Su ve rüzgâr yeryüzünü değiştirebilir. Bu kuvvetler, kayaçları kırarak, küçük kayaçları taşır. Bu partiküller farklı yerlerde yerleşirler. Buralarda, küçük parçacıklar toparlanarak, basınç altında çimentolaşıp, daha büyük kayaçları meydana getirirler. Bu kayaçlar, genellikle suda oluşur ve magmatik kayaçlardan daha yumuşaktırlar. Tortul kayaçlar, birçok tabakaları meydana getirir ve fosilce zengindir.

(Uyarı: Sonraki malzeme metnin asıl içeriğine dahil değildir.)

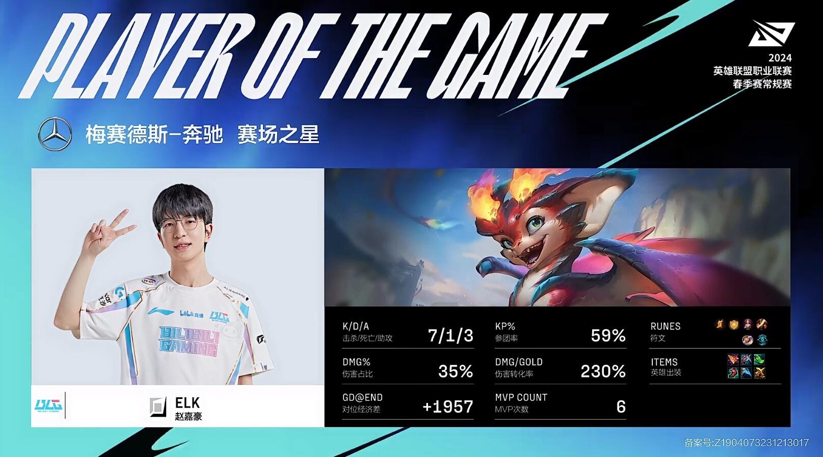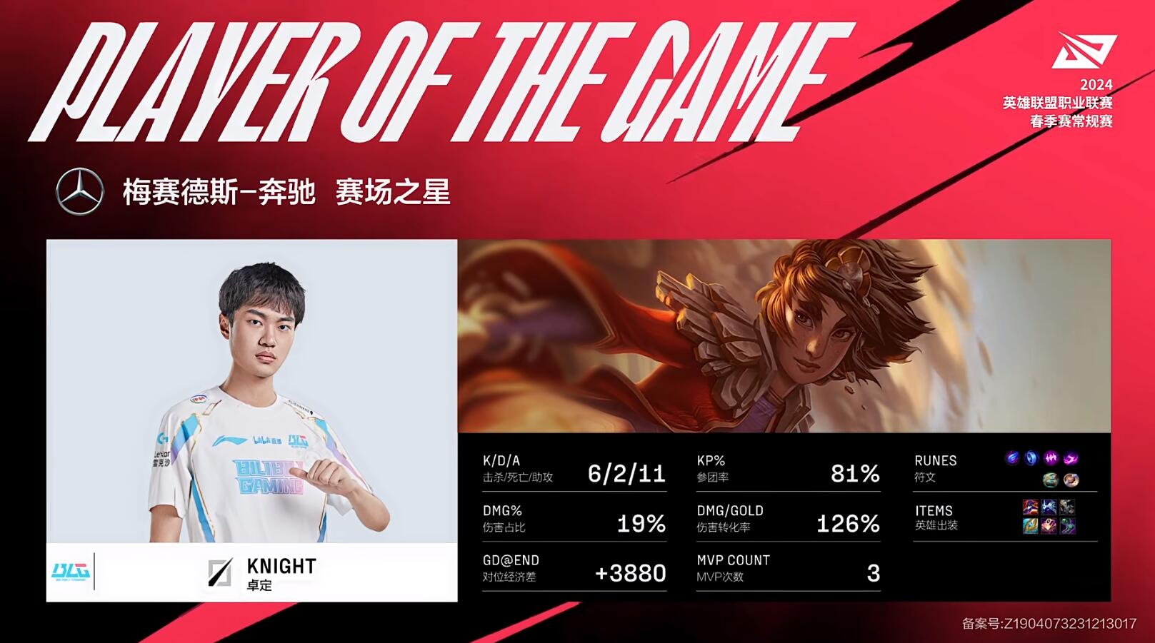 MVP给到了Knight的岩雀,下路关键的先手帮助队伍率先击杀剑魔吹响了BLG反攻的号角。

Tortul kayaçların dört tipi vardır:

    • Parçalı kayaçlar: Bu kayaçlar rüzgâr ve su gibi mekanik etkilerle; kayaçların kırılarak, taşınması veya küçük parçaların, başka yerlerde toplanmasıyla oluşur. Kum taşı, çakıl taşı bunun örnekleridir.
    • Buharlaşma: Su, sadece kayaçları kırarak küçük parçaları taşımaz. Ayrıca su, birçok minerallerin üzerinden akarken, onları çözer. Daha sonra, su buharlaştığında, bu mineraller, burada kalarak kayaçları oluşturur. Pamukkale, bu tipin iyi bir örneğidir.
    • Organik Kayaçlar: Suda yaşayan birçok organizmalar, kabuğa sahiptir. Bu organizmalar, öldüğünde, geride kabukları kalır. Bu kabuklar, birikerek kayaçları oluşturur. Taş kömürü ve linyit bunun örnekleridir.
    • Kimyasal Kayaçlar: Su buharlaştığında, içindeki mineraller çökelerek birikir. Fakat bazı mineraller, su buharlaşmadan çökelebilir. Her madde, suda çözünebilirliğe sahiptir. Sudaki bir maddenin varlığı, diğer bir maddenin çözülebilirliğini etkileyebilir. Bir mineral, saf suda çözünebilir olduğu halde, deniz suyunda çözünemez olabilir.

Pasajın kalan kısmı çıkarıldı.